Australia is smaller in absolute revenue but strategically important as a first-mover clinical market. The world's first human LivIQ leadless pacemaker implants under the BIO|CONCEPT.LivIQ premarket study were performed in Brisbane at Princess Alexandra Hospital and in Melbourne at Victorian Heart Hospital in January 2026, making Australia the site of a globally significant clinical milestone.

Competitive Landscape

Medtronic

Medtronic holds the strongest current commercial position in this market - the only company with both an established leadless pacemaker franchise (Micra) and an FDA-approved EV-ICD system (Aurora). The Micra platform created the commercial category for leadless pacing starting with the original Micra TPS, and each subsequent generation has extended battery life, expanded programming capability, and broadened the clinical indications. Micra AV2 projects approximately 16 years of median battery life; Micra VR2 projects approximately 17 years - both about 40% beyond the prior generation.

Aurora EV-ICD is a platform that no competitor currently challenges commercially. The substernal lead technology, the ATP capability, and the growing real-world evidence base from the Enlighten registry collectively create a defensible position. Medtronic has also received FDA approval for placing its OmniaSecure transvenous defibrillation lead in the left bundle branch area (approved for LBBA placement in 2026) - which shows that the company is competing in the conduction system pacing space not only through future leadless platforms but through its existing lead portfolio.

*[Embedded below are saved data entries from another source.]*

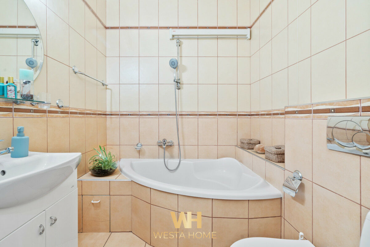 ✔ - łazienka z wanną i z WC o powierzchni 5 m2, zaprojektowana z dbałością o detale, gdzie możesz się zrelaksować podczas długich kąpieli.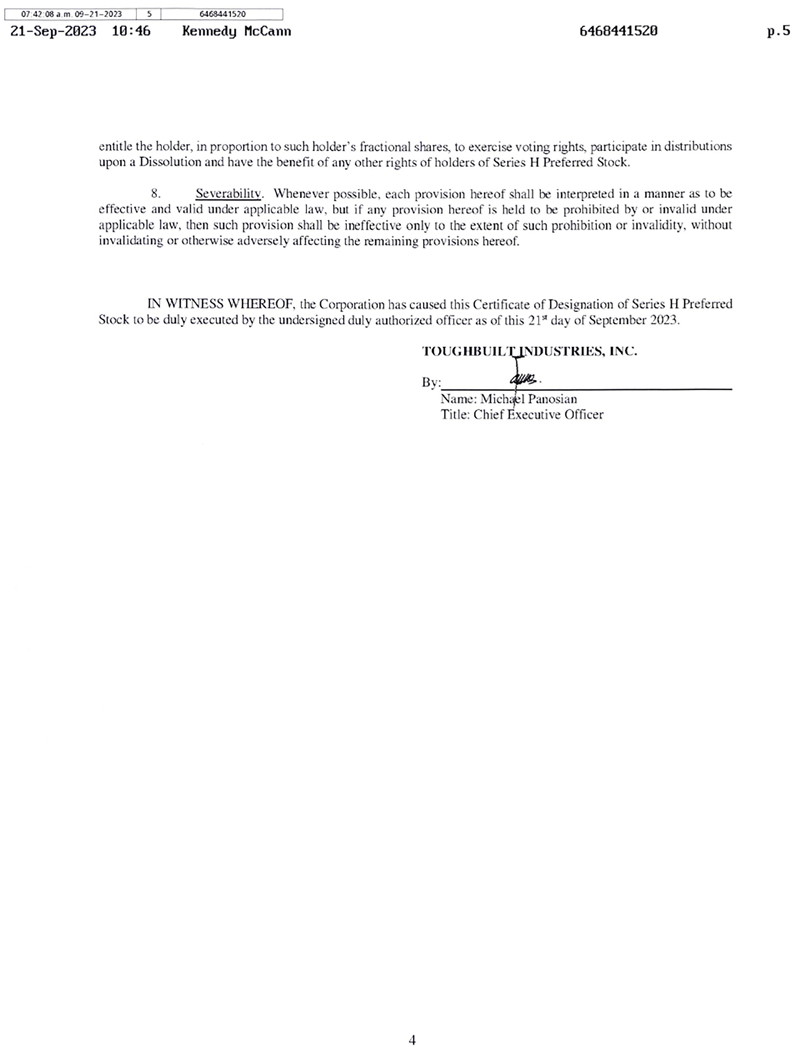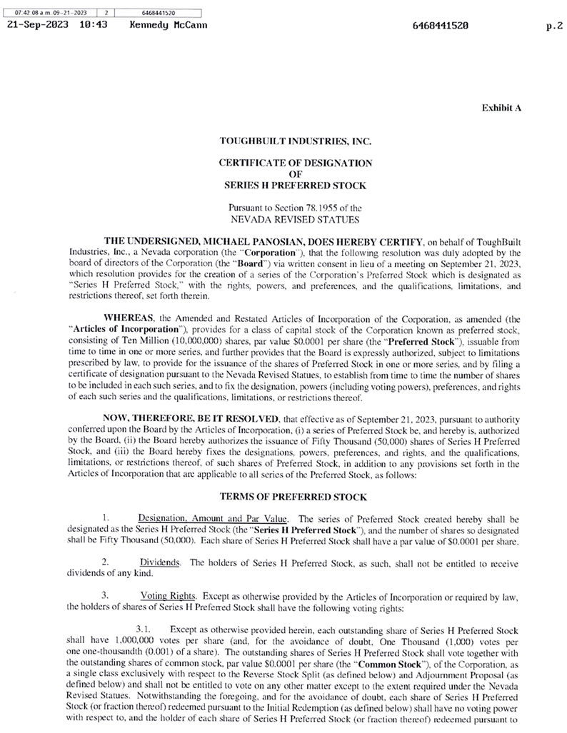 THE UNDERSIGNED, MICHAEL PANOSIAN, DOES HEREBY CERTIFY, on behalf of ToughBuilt Industries, Inc., a Nevada corporation (the “Corporation”), that the following resolution was duly adopted by the board of directors of the Corporation (the “Board”) via written consent in lieu of a meeting on September 21, 2023, which resolution provides for the creation of a series of the Corporation’s Preferred Stock which is designated as “Series H Preferred Stock,” with the rights, powers, and preferences, and the qualifications, limitations, and restrictions thereof, set forth therein.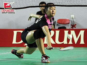 Rusydina Antardayu (Tangkas Specs) berusaha keras untuk bisa mengembalikan shuttlecock ke arah lawannya.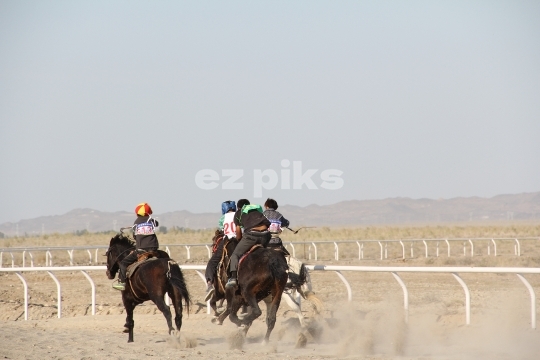 Xinjiang Province, China - 09-20-2011 Horses running in a free race on a sand track in Xinjiang province in northern China; a province that has a long history of horse breeding and horse riding.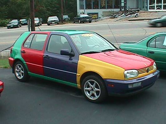A kicsit hibbant III-as viszont nagyközönség számára is elérhető volt, és jóval nagyobb mennyiségben. Ferdinand Piech neve ismerős lehet a nagyra törő tervekről, ám még mielőtt Bugatti Veyronokat álmodott volna, 1995-ben kitalálta a Polo Harlequint. A mezei Polo minden karosszériaelemét más színűre fényeztek. A vezetőség nem bízott a sikerben, ezért kezdetben csak ezer darab készült, ám a váratlan népszerűség hatására ezt megtoldották még 3800 példánnyal. És ha egy üzlet egyszer beindul... Az 1996-os modellévben 264 darab Golf GL Harlequin gördült ki a mexikói összeszerelő üzemből. Harlequin-tulajdonosoknak a leggyakrabban azt a kérdést teszik fel, hogy milyen színt jegyeztek be a forgalmiba. Ha véletlen belebotlunk egy példányba, akkor a C-oszlopot és a tetőt érdemes megnézni, ez lesz a hivatalos árnyalat. Akármennyire is kuszának tűnnek az összeállítások, egy autón sem látni olyat, hogy két egyforma szín érintené egymást.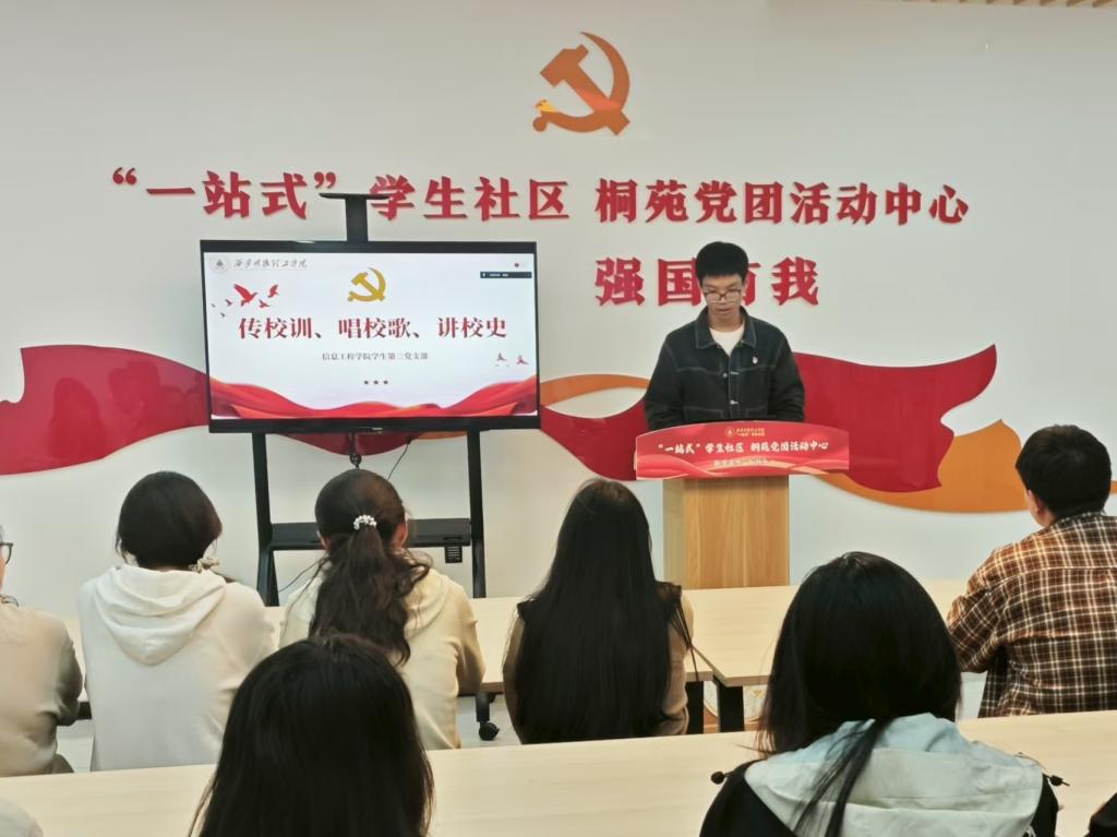 为深化党员对学校精神文化的理解与认同,筑牢理想信念根基,9月28日下午,学生第三党支部在桐苑党团服务中心开展“传校训、唱校歌、讲校史”主题党日活动,活动由组织委员赵民主持,支部全体党员参会。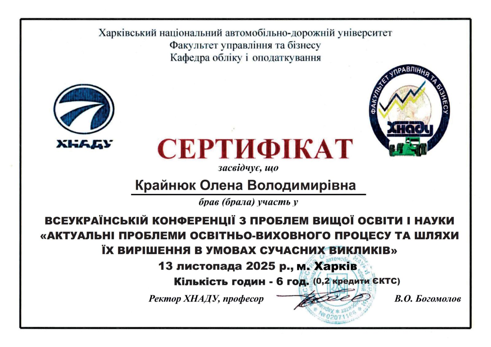 Опубліковано: 04/12/2025 Міжнародне підвищення кваліфікації Викладач кафедри іноземних мов Лук'яненко Наталія Миколаївна успішно пройшла міжнародне підвищення кваліфікації “AI Mindset in Entrepreneurial Spaces” International Training Program by EIT HEI-TRAIN (180 академічних годин, 6 ECTS, No.:... Далі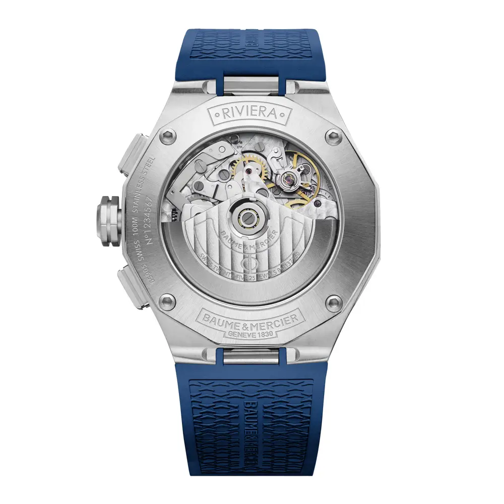 Các mẫu Riviera kết hợp vật liệu cao cấp như thép không gỉ, titan và kính sapphire với bộ máy Thụy Sĩ chính xác, bao gồm bộ máy Baumatic hiệu suất cao. Bộ sưu tập bao gồm các mẫu cổ điển ba kim, chronograph và skeleton - và hệ thống dây đeo thay nhanh giúp dễ dàng điều chỉnh đồng hồ theo phong cách cá nhân. Riviera tượng trưng cho sự sang trọng, tự do và chất lượng.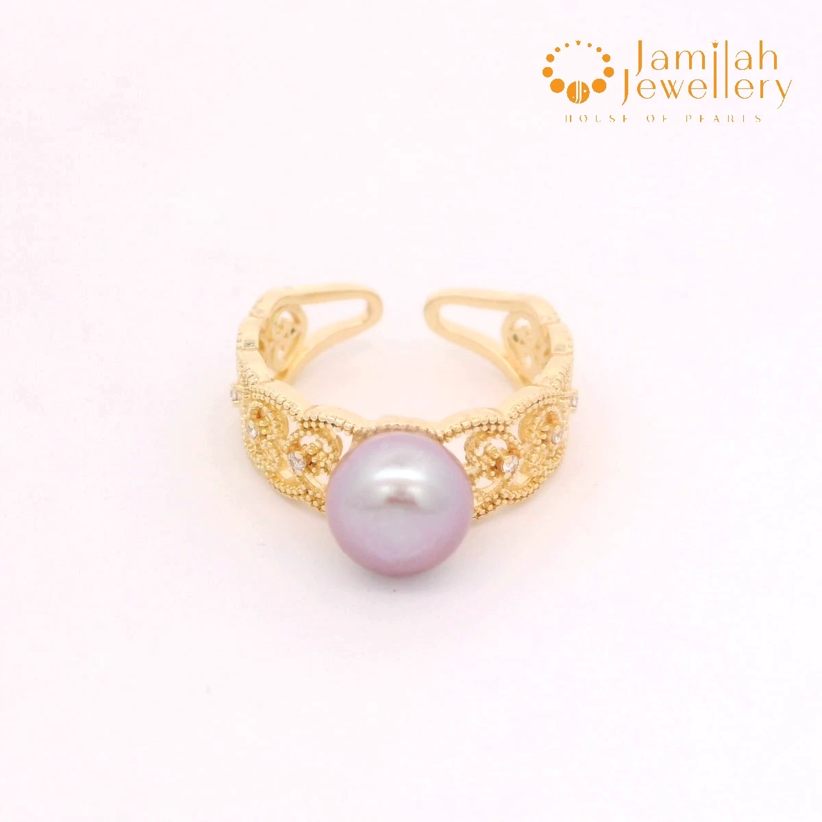 Elevate your ensemble with this exquisite yellow gold cocktail ring. The ring showcases a lustrous, round, purple pearl with a smooth cabochon cut. The shank is delicately crafted with intricate detai...  Read More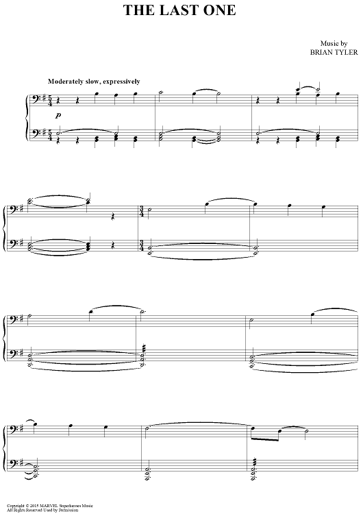 Digital Sheet Music for The Last One by Brian Tyler scored for Piano Solo; id:457511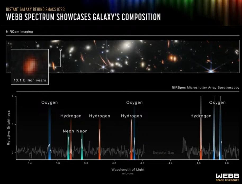 不仅如此,如果你放大这张照片,仔细查看下图中暗红色的天体:科学的红外观测结果认为,这个天体所产生的光,经过了大约131亿年左右才被韦伯望远镜拍摄到,形成这样一个暗红色的光斑。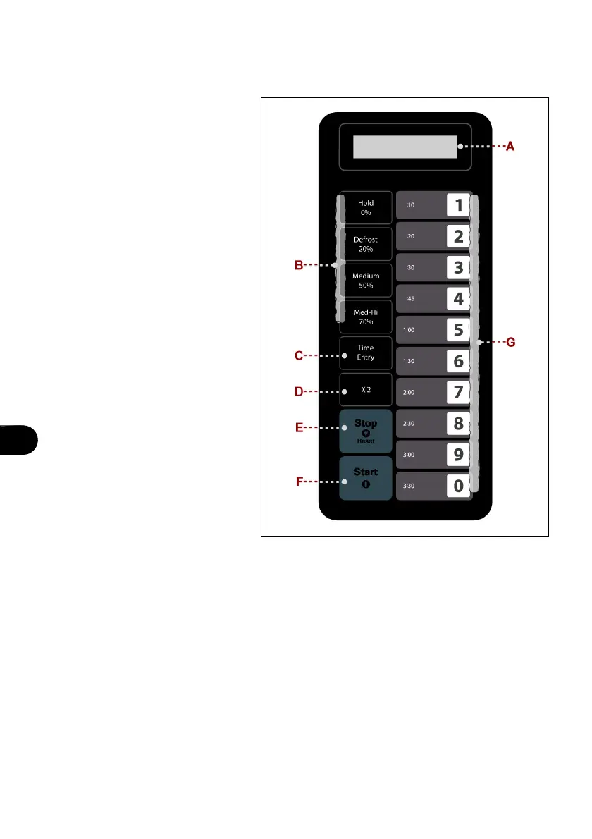 F) Taste: Dient zum Starten eines Garzyklus mit manueller Eingabe der Zeit und zum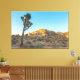 Vista panorámica de un paisaje desértico con un prominente árbol de Joshua en primer plano, sus ramas alcanzando un cielo azul claro. El árbol se erige alto sobre un fondo de rocas escarpadas de tonos dorados, bañadas por el cálido resplandor del sol. La tierra seca y marrón está salpicada de escasa vegetación, lo que crea una sensación de soledad y tranquilidad.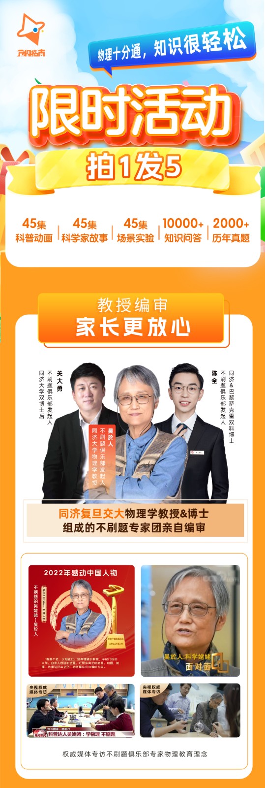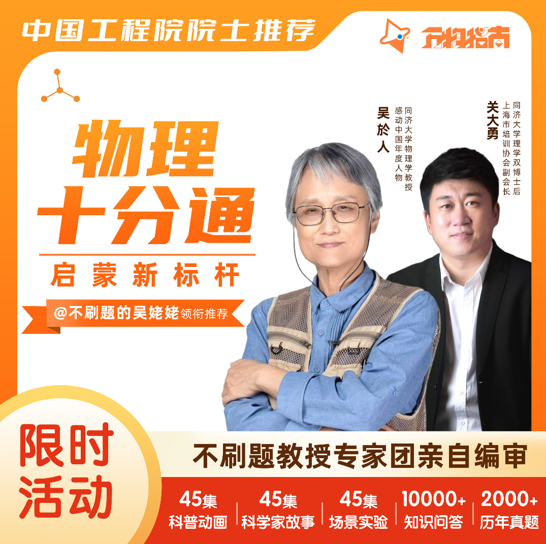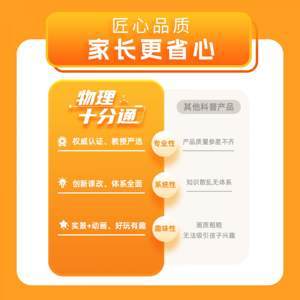 商品名称:【双11专属!】物理十分通5年卡(买3年再送2年!)中国工程院院士推荐!物理启蒙新标杆!135集物理纯享内容,45集科普动画,45集场景实验,45集科学家故事,10000+知识问答,2000+历年真题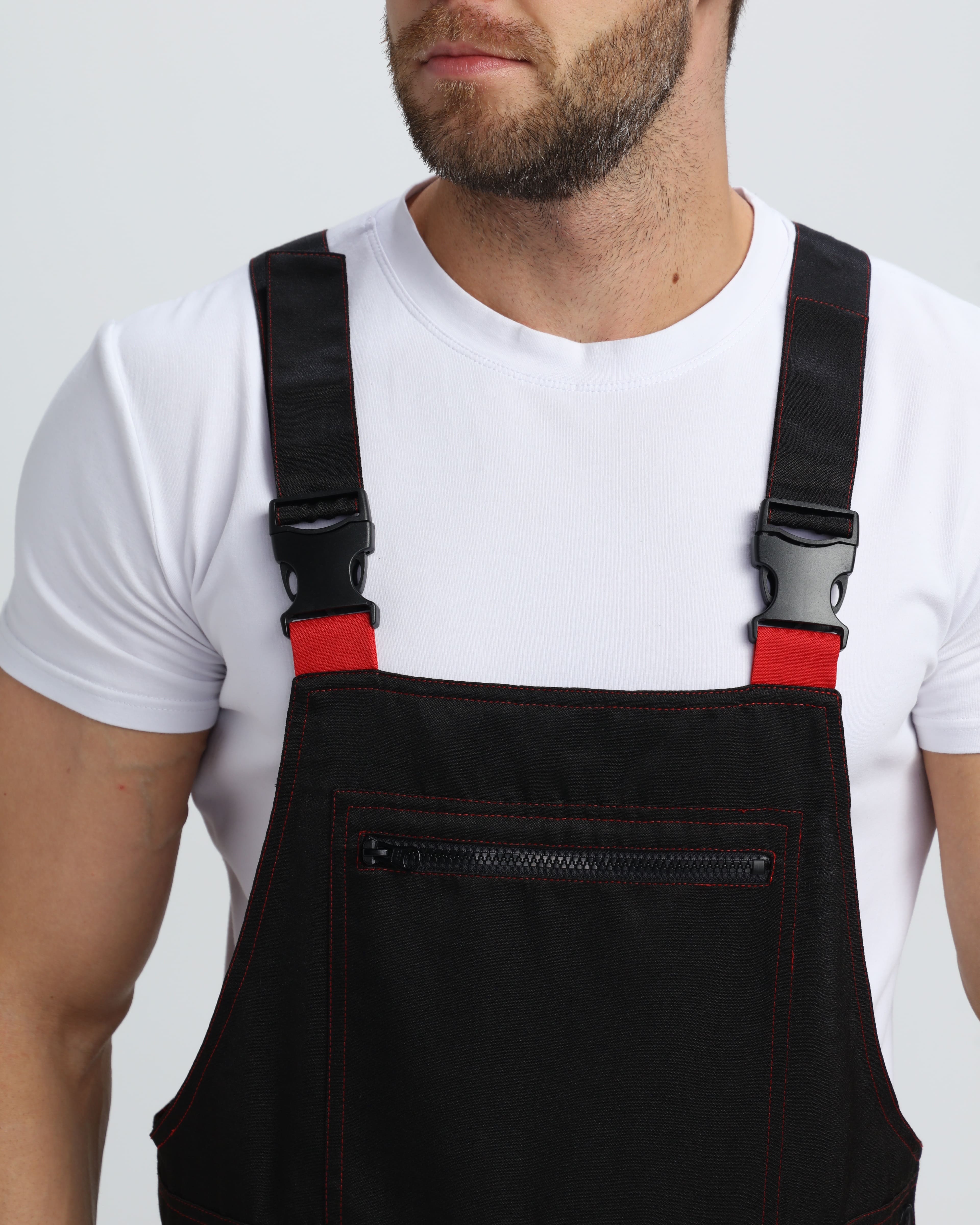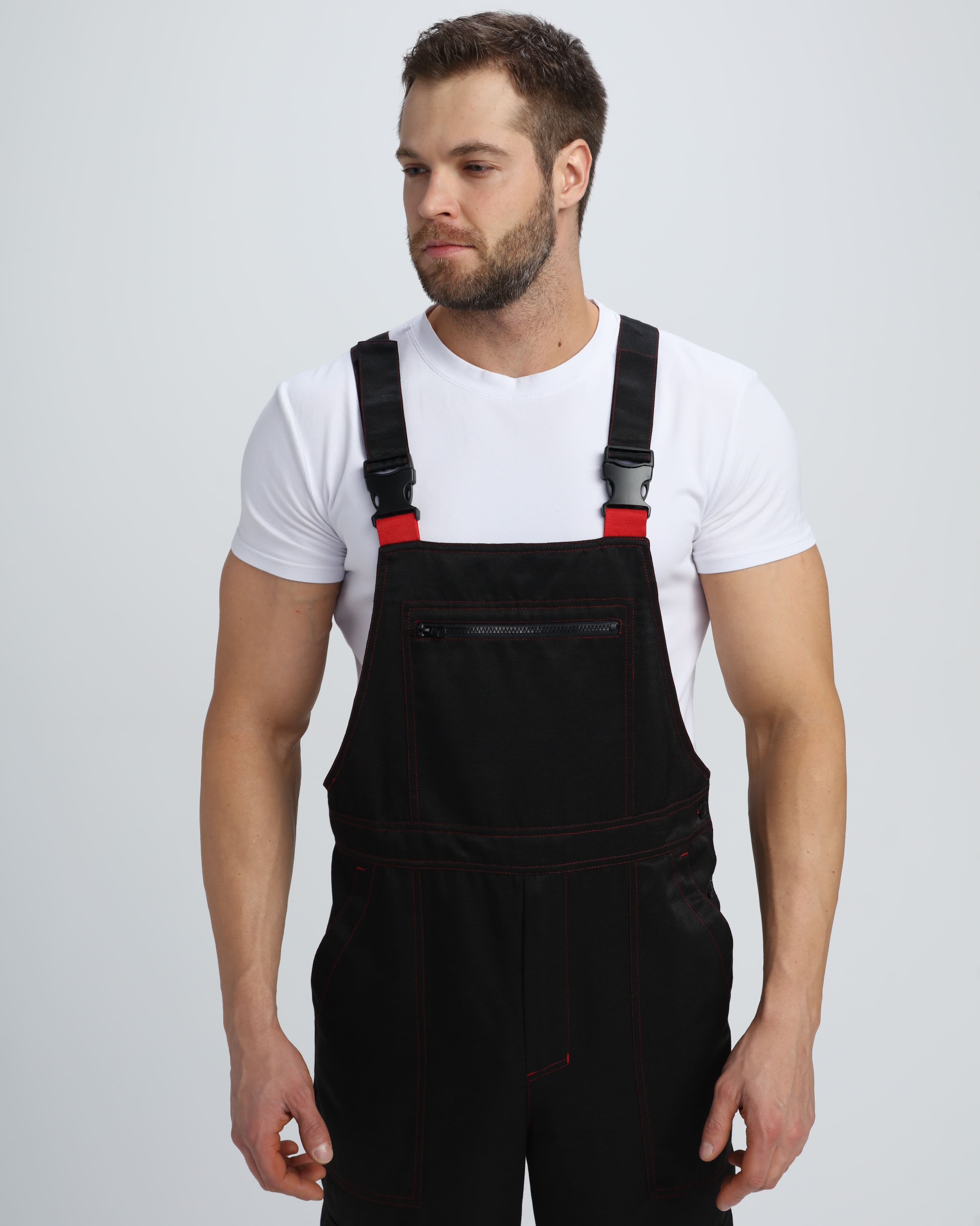 - Усиленная грудка с накладным карманом на молнии для хранения инструментов

The strategic question for Medtronic is whether it can maintain the EV-ICD category lead while Abbott moves into next-generation conduction system pacing and BIOTRONIK builds a competing single-device AV-synchrony approach.

Abbott

Abbott's position is built on AVEIR DR's structural advantage - being first to market with a dual-chamber leadless system positions it in the largest segment of the pacing population. The 41% reduction in chronic complications versus transvenous dual-chamber pacemakers, from real-world Medicare data, is a data point that changes hospital protocol conversations. Abbott has also shown strategic breadth: the AVEIR CSP program, which received FDA Breakthrough Device Designation, is the world's first leadless pacemaker system designed to deliver left bundle branch area pacing. The first-in-human LBBAP procedures completed in late 2024 and the feasibility data presented at HRS 2025 represent Abbott's early claim on the next major frontier in pacing therapy - physiologic activation without transvenous leads.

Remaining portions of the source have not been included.